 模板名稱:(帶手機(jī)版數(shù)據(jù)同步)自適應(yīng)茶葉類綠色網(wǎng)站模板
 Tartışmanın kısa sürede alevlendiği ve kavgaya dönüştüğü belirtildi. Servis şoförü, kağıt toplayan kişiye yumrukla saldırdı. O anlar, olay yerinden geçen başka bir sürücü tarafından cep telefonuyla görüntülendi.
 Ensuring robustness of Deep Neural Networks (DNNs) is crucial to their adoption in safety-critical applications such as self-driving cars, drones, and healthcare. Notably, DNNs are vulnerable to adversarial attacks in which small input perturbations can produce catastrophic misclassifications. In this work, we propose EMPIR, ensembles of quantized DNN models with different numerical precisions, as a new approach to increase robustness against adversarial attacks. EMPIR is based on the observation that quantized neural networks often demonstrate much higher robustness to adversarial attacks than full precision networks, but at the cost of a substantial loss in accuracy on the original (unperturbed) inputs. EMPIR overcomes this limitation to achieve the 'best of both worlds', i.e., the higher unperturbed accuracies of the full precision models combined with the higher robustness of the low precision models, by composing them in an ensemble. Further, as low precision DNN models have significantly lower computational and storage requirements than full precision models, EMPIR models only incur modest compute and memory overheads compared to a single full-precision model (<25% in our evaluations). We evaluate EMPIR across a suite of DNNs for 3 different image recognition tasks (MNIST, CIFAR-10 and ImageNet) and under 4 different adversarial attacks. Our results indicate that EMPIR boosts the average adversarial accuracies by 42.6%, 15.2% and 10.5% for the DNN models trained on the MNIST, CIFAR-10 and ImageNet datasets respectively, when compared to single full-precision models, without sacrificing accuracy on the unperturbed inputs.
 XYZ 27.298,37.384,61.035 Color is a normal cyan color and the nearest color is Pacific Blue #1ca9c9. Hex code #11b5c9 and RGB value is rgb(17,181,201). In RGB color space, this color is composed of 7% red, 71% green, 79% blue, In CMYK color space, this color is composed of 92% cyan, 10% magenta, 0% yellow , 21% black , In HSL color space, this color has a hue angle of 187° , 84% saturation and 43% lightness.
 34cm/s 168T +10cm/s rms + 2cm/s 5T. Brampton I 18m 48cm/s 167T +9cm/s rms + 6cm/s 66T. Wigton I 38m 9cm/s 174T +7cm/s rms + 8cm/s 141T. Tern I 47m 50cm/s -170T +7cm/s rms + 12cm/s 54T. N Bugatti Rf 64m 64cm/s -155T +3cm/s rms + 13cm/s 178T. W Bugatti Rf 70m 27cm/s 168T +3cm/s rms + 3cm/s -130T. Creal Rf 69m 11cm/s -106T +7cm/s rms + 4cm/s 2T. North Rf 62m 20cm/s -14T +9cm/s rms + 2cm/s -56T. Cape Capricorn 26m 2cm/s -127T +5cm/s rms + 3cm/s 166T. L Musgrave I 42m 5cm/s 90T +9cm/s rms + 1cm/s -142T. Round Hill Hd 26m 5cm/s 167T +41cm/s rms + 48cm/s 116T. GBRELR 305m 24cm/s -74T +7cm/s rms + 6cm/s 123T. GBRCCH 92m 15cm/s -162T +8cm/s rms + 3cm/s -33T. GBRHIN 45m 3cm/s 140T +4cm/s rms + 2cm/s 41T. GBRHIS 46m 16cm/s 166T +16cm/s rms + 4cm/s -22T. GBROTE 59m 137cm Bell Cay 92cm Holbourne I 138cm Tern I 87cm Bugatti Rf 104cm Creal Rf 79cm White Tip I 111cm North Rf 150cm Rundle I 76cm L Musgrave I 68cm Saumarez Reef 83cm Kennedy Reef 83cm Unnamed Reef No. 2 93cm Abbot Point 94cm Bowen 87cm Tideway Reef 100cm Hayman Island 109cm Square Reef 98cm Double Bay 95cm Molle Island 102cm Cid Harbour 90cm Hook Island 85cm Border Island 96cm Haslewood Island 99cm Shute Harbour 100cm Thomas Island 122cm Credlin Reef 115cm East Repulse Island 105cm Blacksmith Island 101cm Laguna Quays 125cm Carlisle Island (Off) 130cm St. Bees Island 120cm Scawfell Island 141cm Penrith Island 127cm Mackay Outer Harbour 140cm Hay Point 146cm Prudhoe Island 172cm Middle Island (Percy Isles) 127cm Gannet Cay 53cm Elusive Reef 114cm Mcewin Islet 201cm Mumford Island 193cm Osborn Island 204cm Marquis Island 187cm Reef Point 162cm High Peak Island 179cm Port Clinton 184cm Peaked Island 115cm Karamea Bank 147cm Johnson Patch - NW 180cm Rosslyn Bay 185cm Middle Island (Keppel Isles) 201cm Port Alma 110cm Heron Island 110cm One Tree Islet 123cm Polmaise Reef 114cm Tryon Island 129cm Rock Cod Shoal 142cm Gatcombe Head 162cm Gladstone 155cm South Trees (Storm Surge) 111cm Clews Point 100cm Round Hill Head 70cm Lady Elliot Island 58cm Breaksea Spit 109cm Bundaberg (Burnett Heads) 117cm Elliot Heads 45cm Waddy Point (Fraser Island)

--

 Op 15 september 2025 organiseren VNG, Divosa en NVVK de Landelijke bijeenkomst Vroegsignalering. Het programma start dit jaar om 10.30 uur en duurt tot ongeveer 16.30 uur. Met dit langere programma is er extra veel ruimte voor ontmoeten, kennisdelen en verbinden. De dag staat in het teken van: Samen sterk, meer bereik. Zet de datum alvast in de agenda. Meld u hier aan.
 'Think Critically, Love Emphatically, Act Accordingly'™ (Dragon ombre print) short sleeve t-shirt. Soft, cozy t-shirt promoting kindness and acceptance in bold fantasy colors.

=== ABOUT THIS EXERCISE ===
Above are the records. Copy the lines beginning at the one that has "模板名稱:(帶手機(jī)版" and ending with the one that has "Tartışmanın kısa sürede", unchanged.

=== WRITTEN RESPONSE ===
 模板名稱:(帶手機(jī)版數(shù)據(jù)同步)自適應(yīng)茶葉類綠色網(wǎng)站模板
 Tartışmanın kısa sürede alevlendiği ve kavgaya dönüştüğü belirtildi. Servis şoförü, kağıt toplayan kişiye yumrukla saldırdı. O anlar, olay yerinden geçen başka bir sürücü tarafından cep telefonuyla görüntülendi.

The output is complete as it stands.